= Assignment =
Output exactly, and only, the lines below from the one with "This Shrimp &" down to the one with "They walked round". Include both end lines and no pictures.

= Available data =
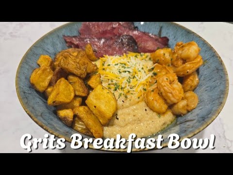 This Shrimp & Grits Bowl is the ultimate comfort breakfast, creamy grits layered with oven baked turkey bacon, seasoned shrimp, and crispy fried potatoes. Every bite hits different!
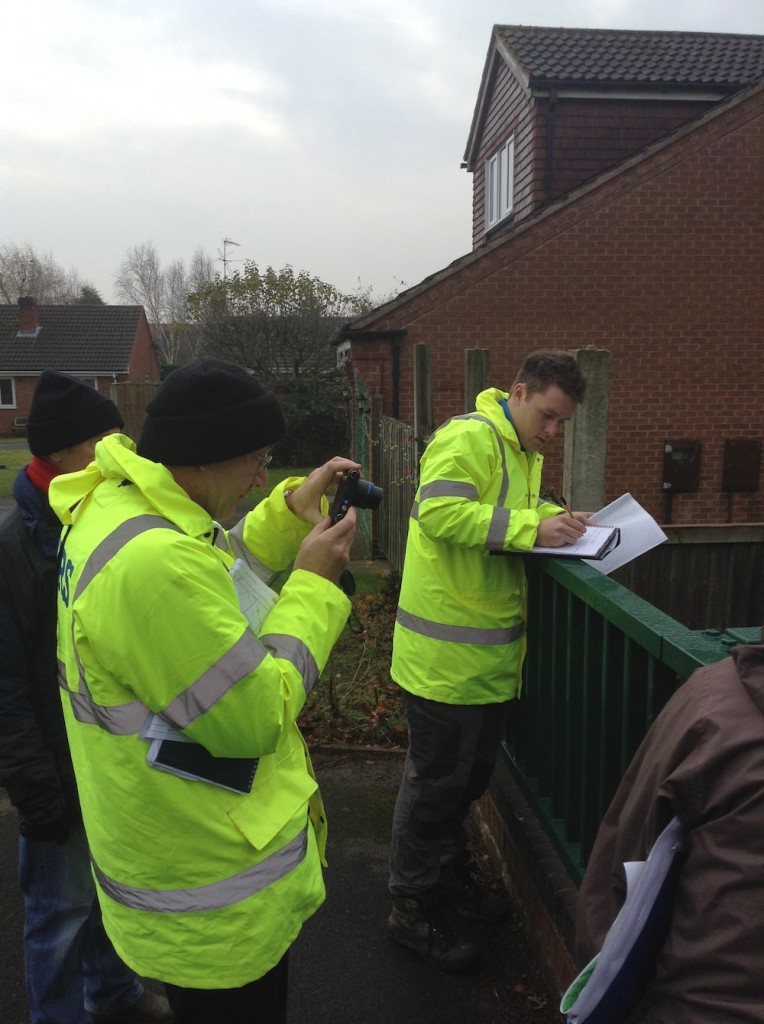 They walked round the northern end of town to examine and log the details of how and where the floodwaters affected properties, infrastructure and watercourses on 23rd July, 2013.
==
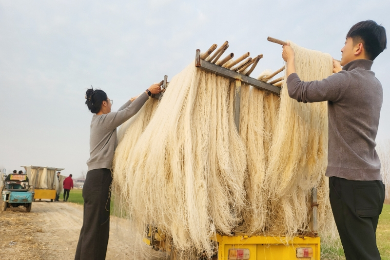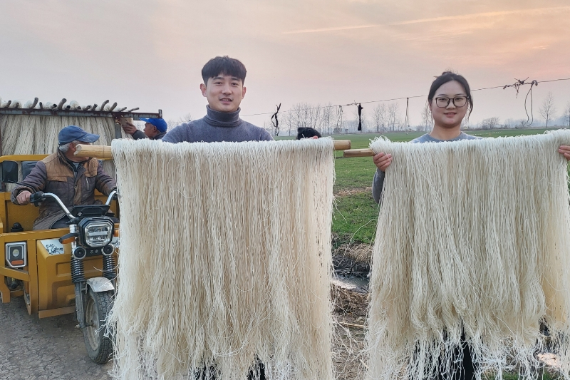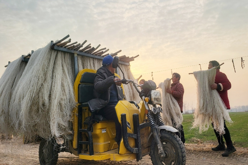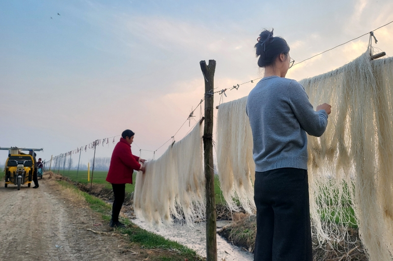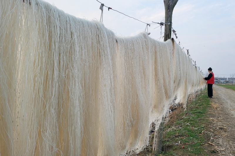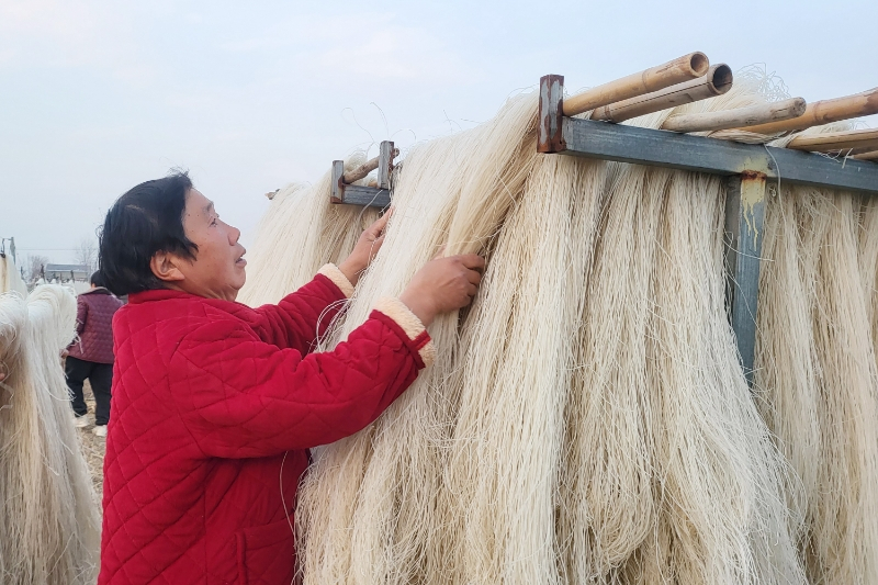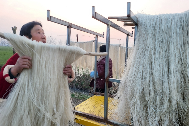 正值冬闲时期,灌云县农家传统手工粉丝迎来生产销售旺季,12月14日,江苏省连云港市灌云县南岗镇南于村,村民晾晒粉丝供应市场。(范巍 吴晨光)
---
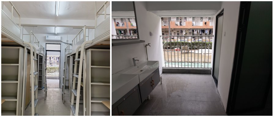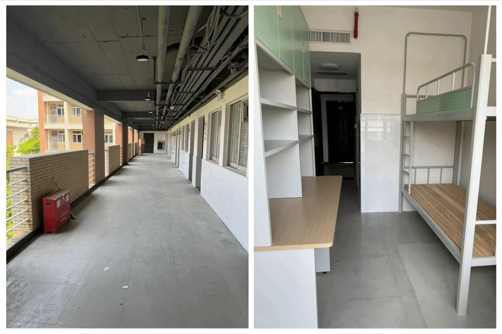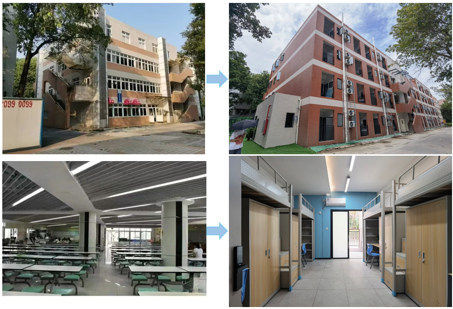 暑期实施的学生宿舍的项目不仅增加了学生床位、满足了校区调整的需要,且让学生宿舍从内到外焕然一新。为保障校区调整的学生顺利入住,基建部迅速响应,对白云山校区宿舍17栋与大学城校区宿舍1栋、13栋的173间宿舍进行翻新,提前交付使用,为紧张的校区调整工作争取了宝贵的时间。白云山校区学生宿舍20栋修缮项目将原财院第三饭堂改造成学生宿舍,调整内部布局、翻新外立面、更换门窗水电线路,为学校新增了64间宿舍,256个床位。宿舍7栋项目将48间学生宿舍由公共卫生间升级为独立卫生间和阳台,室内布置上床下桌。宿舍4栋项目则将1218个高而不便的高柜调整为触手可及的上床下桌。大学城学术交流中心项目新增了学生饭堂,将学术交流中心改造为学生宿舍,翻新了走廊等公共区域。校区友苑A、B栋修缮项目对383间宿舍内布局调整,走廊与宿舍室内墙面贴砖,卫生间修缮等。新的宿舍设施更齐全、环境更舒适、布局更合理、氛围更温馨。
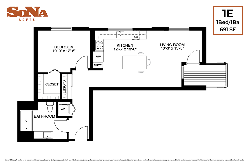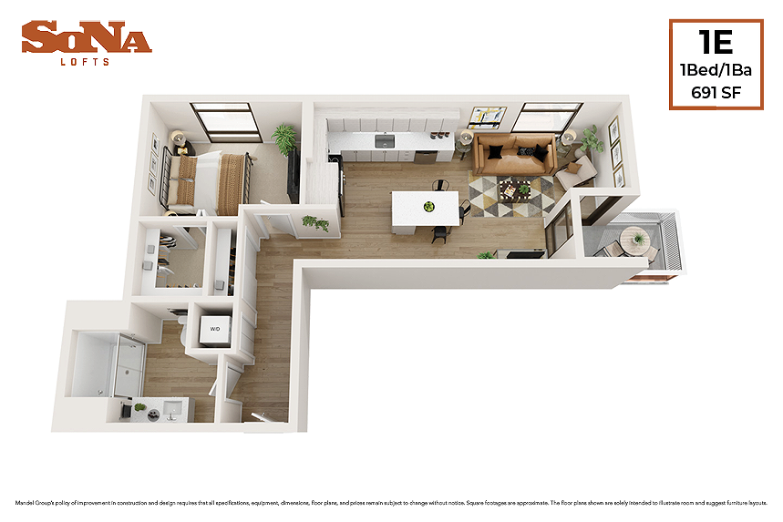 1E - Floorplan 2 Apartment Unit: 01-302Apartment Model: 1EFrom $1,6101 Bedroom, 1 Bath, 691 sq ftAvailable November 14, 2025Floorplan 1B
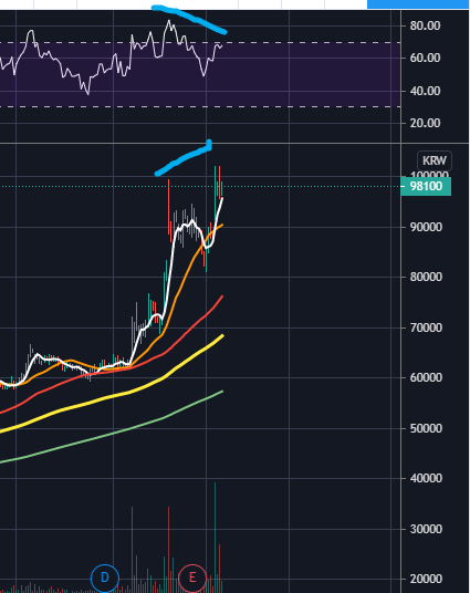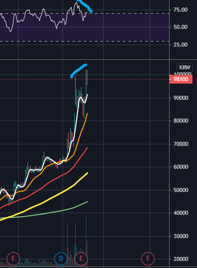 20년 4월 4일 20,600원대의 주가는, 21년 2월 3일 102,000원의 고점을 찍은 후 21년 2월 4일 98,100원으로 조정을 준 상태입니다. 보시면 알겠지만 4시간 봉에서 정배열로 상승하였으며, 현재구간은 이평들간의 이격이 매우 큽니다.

= Final answer =
 This Shrimp & Grits Bowl is the ultimate comfort breakfast, creamy grits layered with oven baked turkey bacon, seasoned shrimp, and crispy fried potatoes. Every bite hits different!
 They walked round the northern end of town to examine and log the details of how and where the floodwaters affected properties, infrastructure and watercourses on 23rd July, 2013.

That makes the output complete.